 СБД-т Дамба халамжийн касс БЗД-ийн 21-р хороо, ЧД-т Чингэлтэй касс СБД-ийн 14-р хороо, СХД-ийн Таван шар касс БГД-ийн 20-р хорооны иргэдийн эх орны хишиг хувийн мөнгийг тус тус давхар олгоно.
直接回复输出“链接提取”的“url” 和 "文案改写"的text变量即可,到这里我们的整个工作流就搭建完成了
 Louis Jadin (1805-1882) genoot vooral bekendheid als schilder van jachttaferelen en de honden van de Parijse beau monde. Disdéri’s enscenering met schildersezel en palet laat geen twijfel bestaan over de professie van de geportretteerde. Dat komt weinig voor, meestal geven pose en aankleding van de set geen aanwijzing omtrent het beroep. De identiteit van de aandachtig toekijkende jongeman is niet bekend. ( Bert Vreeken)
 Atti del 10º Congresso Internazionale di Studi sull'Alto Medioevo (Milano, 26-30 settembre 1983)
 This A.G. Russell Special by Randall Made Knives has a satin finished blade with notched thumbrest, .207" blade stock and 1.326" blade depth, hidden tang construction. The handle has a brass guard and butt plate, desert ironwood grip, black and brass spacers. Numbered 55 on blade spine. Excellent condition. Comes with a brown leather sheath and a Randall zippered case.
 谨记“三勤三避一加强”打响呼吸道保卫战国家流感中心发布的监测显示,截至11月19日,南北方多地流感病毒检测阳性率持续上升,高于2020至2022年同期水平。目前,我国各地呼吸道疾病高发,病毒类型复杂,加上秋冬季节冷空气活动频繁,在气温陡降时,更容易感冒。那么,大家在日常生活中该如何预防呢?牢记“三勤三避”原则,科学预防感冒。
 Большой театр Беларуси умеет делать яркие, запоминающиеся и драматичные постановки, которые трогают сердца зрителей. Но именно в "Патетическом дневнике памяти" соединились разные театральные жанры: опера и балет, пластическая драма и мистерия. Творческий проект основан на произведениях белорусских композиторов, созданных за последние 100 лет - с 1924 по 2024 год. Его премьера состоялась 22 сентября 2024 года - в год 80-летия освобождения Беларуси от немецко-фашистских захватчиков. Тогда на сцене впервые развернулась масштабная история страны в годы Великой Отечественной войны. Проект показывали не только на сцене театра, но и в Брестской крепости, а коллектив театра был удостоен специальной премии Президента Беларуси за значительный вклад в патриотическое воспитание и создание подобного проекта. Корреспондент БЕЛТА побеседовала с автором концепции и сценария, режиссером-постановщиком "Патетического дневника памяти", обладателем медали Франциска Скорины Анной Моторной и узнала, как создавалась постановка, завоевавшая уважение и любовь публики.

○ ○ ○ ○ ○

▶ **WORK TO COMPLETE**
Your output should match the records above word for word.

▶ **RESPONSE TO THE EXERCISE**
 СБД-т Дамба халамжийн касс БЗД-ийн 21-р хороо, ЧД-т Чингэлтэй касс СБД-ийн 14-р хороо, СХД-ийн Таван шар касс БГД-ийн 20-р хорооны иргэдийн эх орны хишиг хувийн мөнгийг тус тус давхар олгоно.
直接回复输出“链接提取”的“url” 和 "文案改写"的text变量即可,到这里我们的整个工作流就搭建完成了
 Louis Jadin (1805-1882) genoot vooral bekendheid als schilder van jachttaferelen en de honden van de Parijse beau monde. Disdéri’s enscenering met schildersezel en palet laat geen twijfel bestaan over de professie van de geportretteerde. Dat komt weinig voor, meestal geven pose en aankleding van de set geen aanwijzing omtrent het beroep. De identiteit van de aandachtig toekijkende jongeman is niet bekend. ( Bert Vreeken)
 Atti del 10º Congresso Internazionale di Studi sull'Alto Medioevo (Milano, 26-30 settembre 1983)
 This A.G. Russell Special by Randall Made Knives has a satin finished blade with notched thumbrest, .207" blade stock and 1.326" blade depth, hidden tang construction. The handle has a brass guard and butt plate, desert ironwood grip, black and brass spacers. Numbered 55 on blade spine. Excellent condition. Comes with a brown leather sheath and a Randall zippered case.
 谨记“三勤三避一加强”打响呼吸道保卫战国家流感中心发布的监测显示,截至11月19日,南北方多地流感病毒检测阳性率持续上升,高于2020至2022年同期水平。目前,我国各地呼吸道疾病高发,病毒类型复杂,加上秋冬季节冷空气活动频繁,在气温陡降时,更容易感冒。那么,大家在日常生活中该如何预防呢?牢记“三勤三避”原则,科学预防感冒。
 Большой театр Беларуси умеет делать яркие, запоминающиеся и драматичные постановки, которые трогают сердца зрителей. Но именно в "Патетическом дневнике памяти" соединились разные театральные жанры: опера и балет, пластическая драма и мистерия. Творческий проект основан на произведениях белорусских композиторов, созданных за последние 100 лет - с 1924 по 2024 год. Его премьера состоялась 22 сентября 2024 года - в год 80-летия освобождения Беларуси от немецко-фашистских захватчиков. Тогда на сцене впервые развернулась масштабная история страны в годы Великой Отечественной войны. Проект показывали не только на сцене театра, но и в Брестской крепости, а коллектив театра был удостоен специальной премии Президента Беларуси за значительный вклад в патриотическое воспитание и создание подобного проекта. Корреспондент БЕЛТА побеседовала с автором концепции и сценария, режиссером-постановщиком "Патетического дневника памяти", обладателем медали Франциска Скорины Анной Моторной и узнала, как создавалась постановка, завоевавшая уважение и любовь публики.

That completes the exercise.